**Collected material**
--- START ---

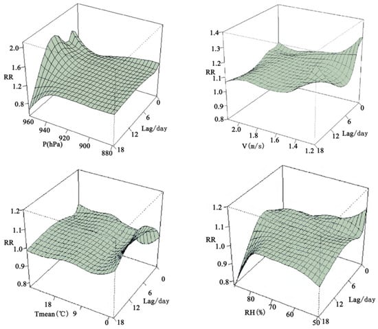 RR surface distribution of lagged effects of meteorological factors on respiratory diseases in the Yangtze River Delta region from 2018 to 2024.
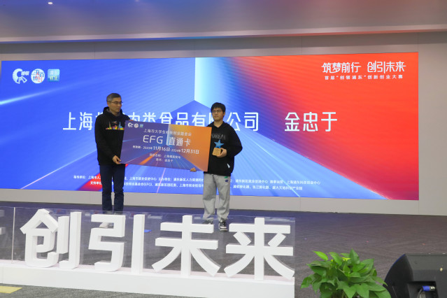 2023年浦东新区首届“创领浦东”创新创业大赛于11月16日在浦东软件园举办颁奖典礼。商学院电子商务专业的金忠于同学凭着创业项目——“上海槿初和牛”在“大学生新势力”赛道中获得三等奖的好成绩。在颁奖典礼上,金忠于同学作为唯一的大学生创业代表获得上海市大学生科技创业基金会直通卡。
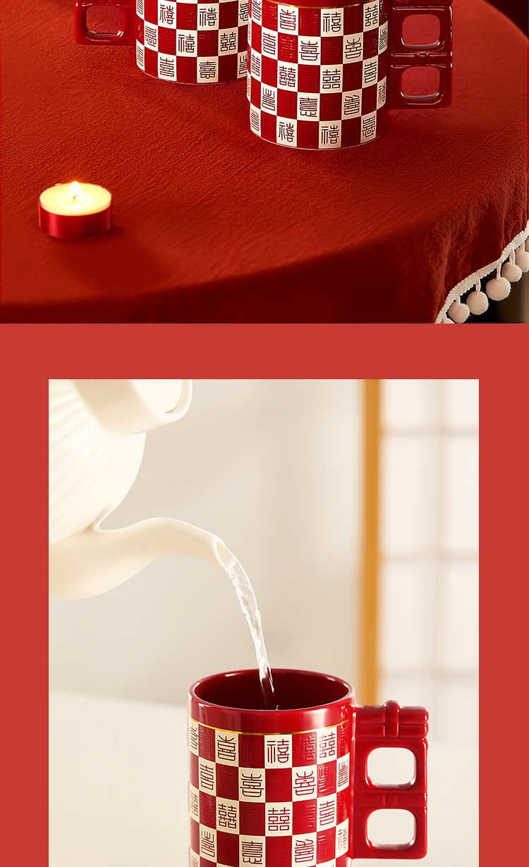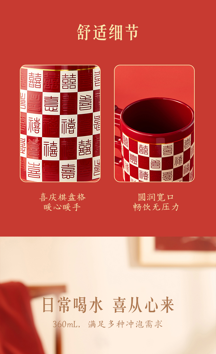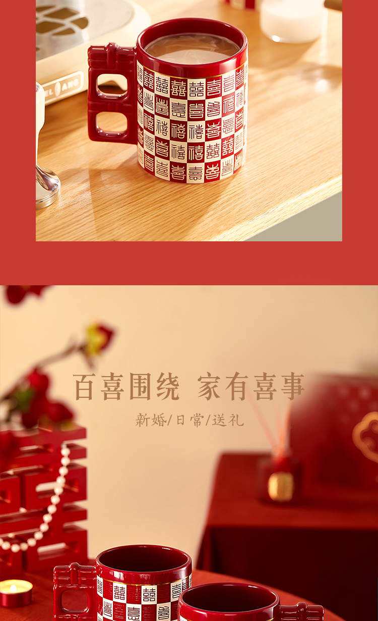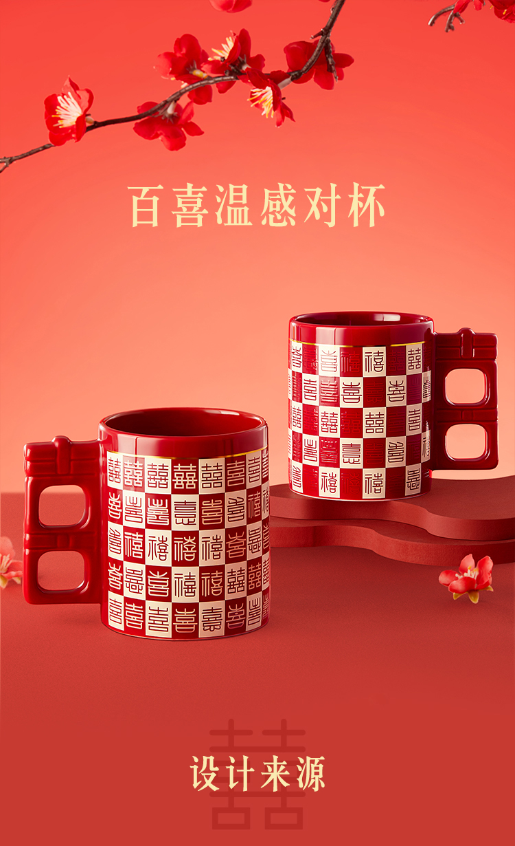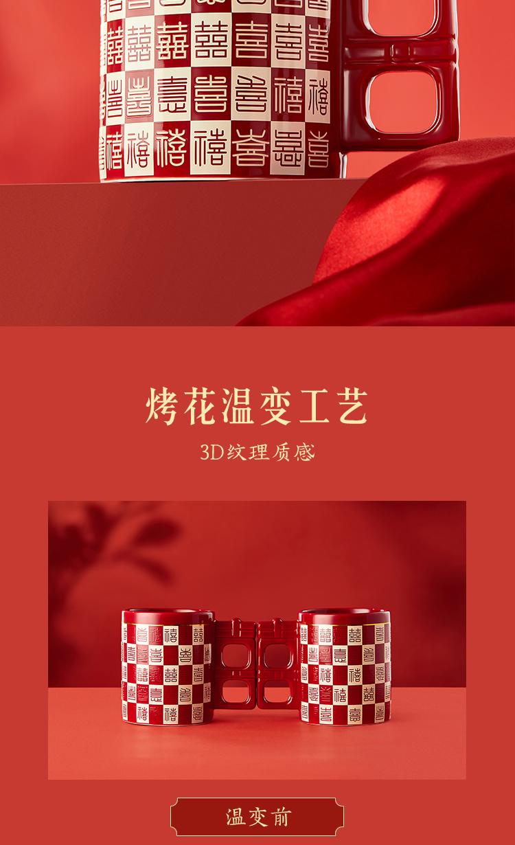【故宫杯子】百喜杯温感对杯博物馆文创杯子新婚结婚订婚礼物送新人
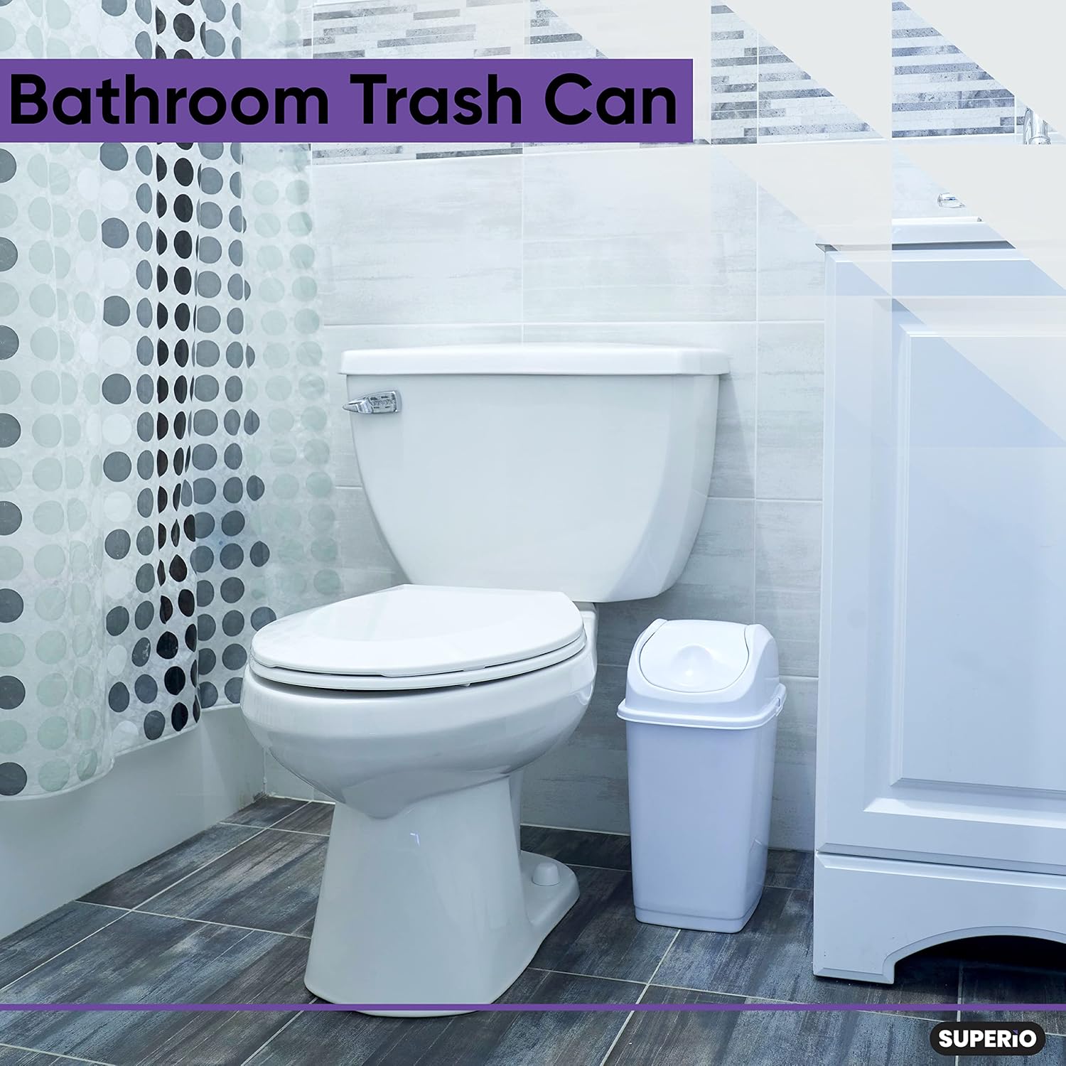 Superio Medium Trash Can with Lid 4.5 Gallon Plastic Swing Top Garbage Can Slim Waste Bin for Under Sink/Cabinet, Laundry Room, Kitchen, Office, Bedroom, Bathroom, College Dorm, 18 Qt, Grey

--- END ---

The task calls for duplicating the data exactly, with no images kept.

 RR surface distribution of lagged effects of meteorological factors on respiratory diseases in the Yangtze River Delta region from 2018 to 2024.
 2023年浦东新区首届“创领浦东”创新创业大赛于11月16日在浦东软件园举办颁奖典礼。商学院电子商务专业的金忠于同学凭着创业项目——“上海槿初和牛”在“大学生新势力”赛道中获得三等奖的好成绩。在颁奖典礼上,金忠于同学作为唯一的大学生创业代表获得上海市大学生科技创业基金会直通卡。
【故宫杯子】百喜杯温感对杯博物馆文创杯子新婚结婚订婚礼物送新人
 Superio Medium Trash Can with Lid 4.5 Gallon Plastic Swing Top Garbage Can Slim Waste Bin for Under Sink/Cabinet, Laundry Room, Kitchen, Office, Bedroom, Bathroom, College Dorm, 18 Qt, Grey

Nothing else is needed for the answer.